• **WORK TO BE COMPLETED**: Quote, exactly, the line holding "底部可以看到两段式垫脚,另外" and all lines after it to the end of the records below. Exclude pictures.

• **DATASET EXCERPTS**:
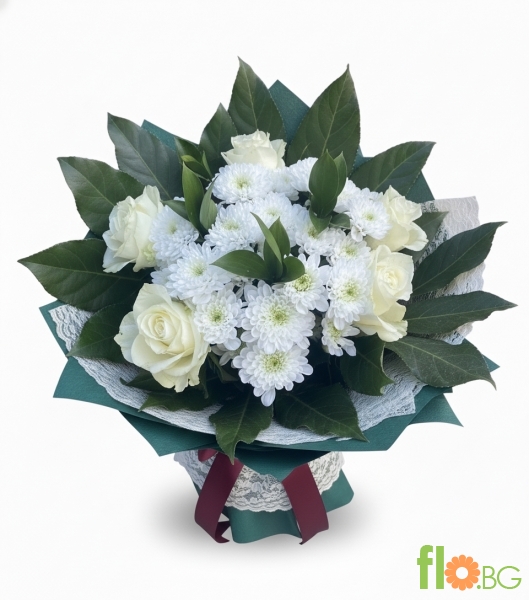 Букет от пет прекрасни бели рози, обгърнати от бели хризантеми, стилно опаковани в луксозна хартия.Един чудесен начин да зарадвате вашите близки.
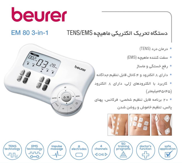 شرکت بيورر از جمله کمپانيهايي است که براي رفع اين تنس ها دستگاههايي چون EM80 را طراحي کرده که اين دستگاه از طريق الکترودهايي که به نقاط مدنظر متصل شده باعث گردش خون و رفع گرفتگي و حتي ماساژ ميشود.
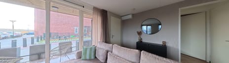 De woonkamer met open keuken heeft dankzij de aanwezige ramen en de grote pui, met een deur naar het terras, veel natuurlijk lichtinval. Er is ruimte voor zowel een zit- als een eethoek en er is airconditioning aanwezig. Daarnaast is er vanuit de woonkamer toegang tot de inpandige berging en de tussenhal, die zorgt voor de verbinding naar de slaapkamer en het gedeeltelijk betegelde toilet.
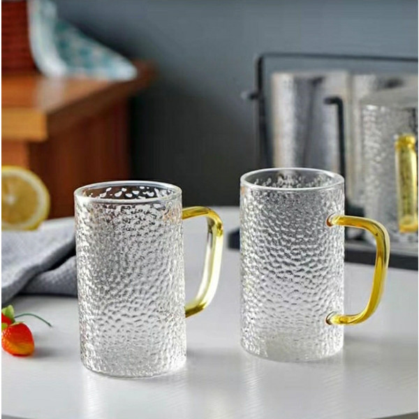 ماگ و لیوان پیرکس برفی دسته طلایی
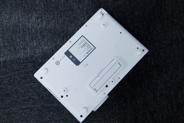 底部可以看到两段式垫脚,另外优派Q20的调节圈还有一个抬高环,可以小范围调节画面高度,对于吊装+幕布用户来说,缩放+高度调节+四向矫正等多个调节方式,既能方便调节画面位置,也能保证画面显示效果。
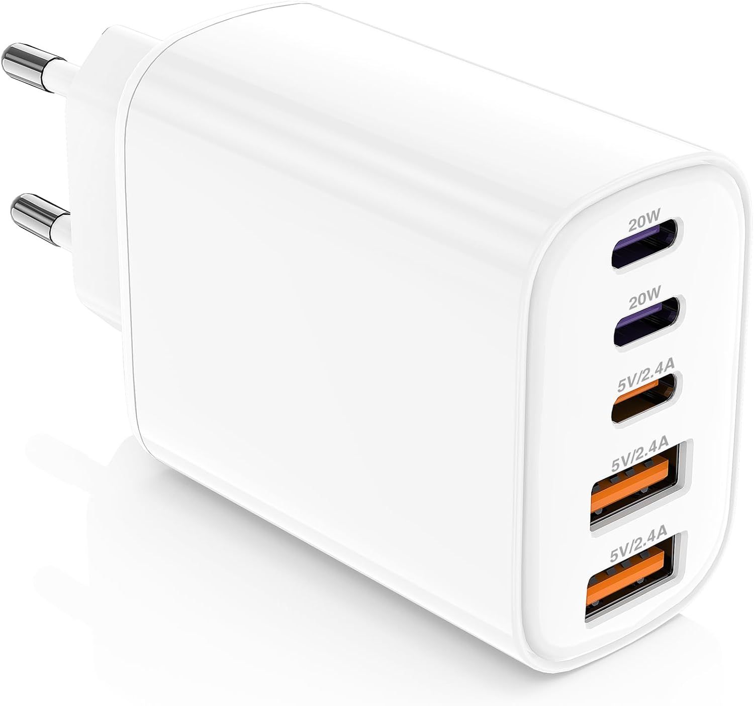 JGD-Rapida Chargeur USB C, Multiple 5 Port Prise USBC Chargeur Rapide iPhone, Multi Secteur USB A&Type C Adaptateur pour Orginal Apple iPhone 16 15 14 13 12 11 Pad Pro Max X XS XR 8 7 6S Plus Mini SE
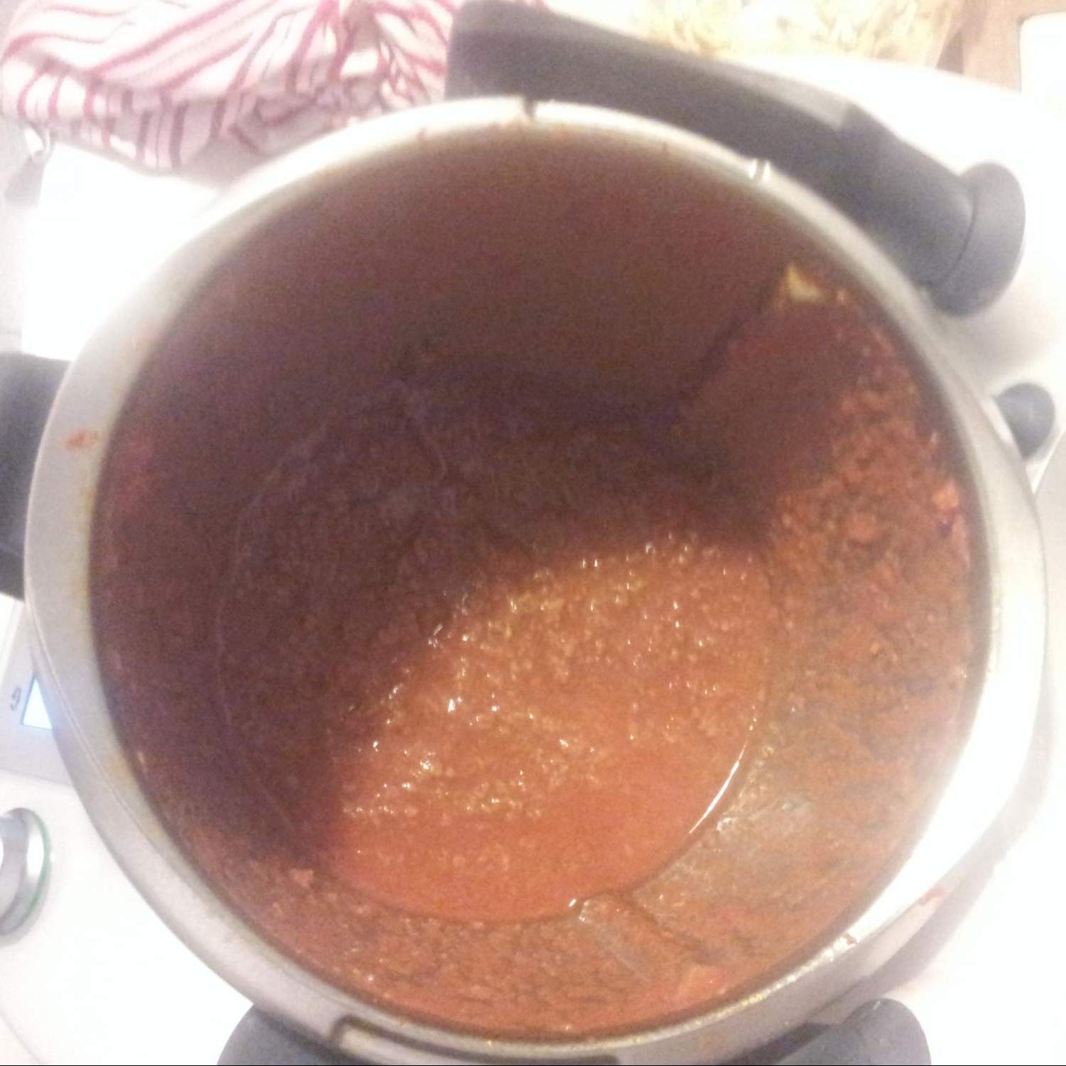 "coperchio chiuso" e tritare per 10 sec a vel 5. 2. Aggiungere l'olio e soffriggere per 3 min 120° vel 1. 3. Aggiungere la carne tritata e rosolare per 1 min 100° vel 2. 4. Versare il vino e sfumare per 1 min 120° vel 1.
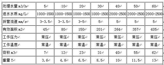 該斜板沉淀器沉淀污水固體、懸浮物、污水經(jīng)加混凝反應后由設備上端進水口進入設備,經(jīng)錐形反應池混凝形成礬花,逐漸沉降至設備污泥斗中(設備可連續(xù)、間斷排泥)形成排泥,在反應池中污泥沉降,清水上升至斜板(管)中,并進一步沉降污水中的顆粒,清水上升至溢流槽后出水。

• **RESULT FOR THIS TASK**:
 底部可以看到两段式垫脚,另外优派Q20的调节圈还有一个抬高环,可以小范围调节画面高度,对于吊装+幕布用户来说,缩放+高度调节+四向矫正等多个调节方式,既能方便调节画面位置,也能保证画面显示效果。
 JGD-Rapida Chargeur USB C, Multiple 5 Port Prise USBC Chargeur Rapide iPhone, Multi Secteur USB A&Type C Adaptateur pour Orginal Apple iPhone 16 15 14 13 12 11 Pad Pro Max X XS XR 8 7 6S Plus Mini SE
 "coperchio chiuso" e tritare per 10 sec a vel 5. 2. Aggiungere l'olio e soffriggere per 3 min 120° vel 1. 3. Aggiungere la carne tritata e rosolare per 1 min 100° vel 2. 4. Versare il vino e sfumare per 1 min 120° vel 1.
 該斜板沉淀器沉淀污水固體、懸浮物、污水經(jīng)加混凝反應后由設備上端進水口進入設備,經(jīng)錐形反應池混凝形成礬花,逐漸沉降至設備污泥斗中(設備可連續(xù)、間斷排泥)形成排泥,在反應池中污泥沉降,清水上升至斜板(管)中,并進一步沉降污水中的顆粒,清水上升至溢流槽后出水。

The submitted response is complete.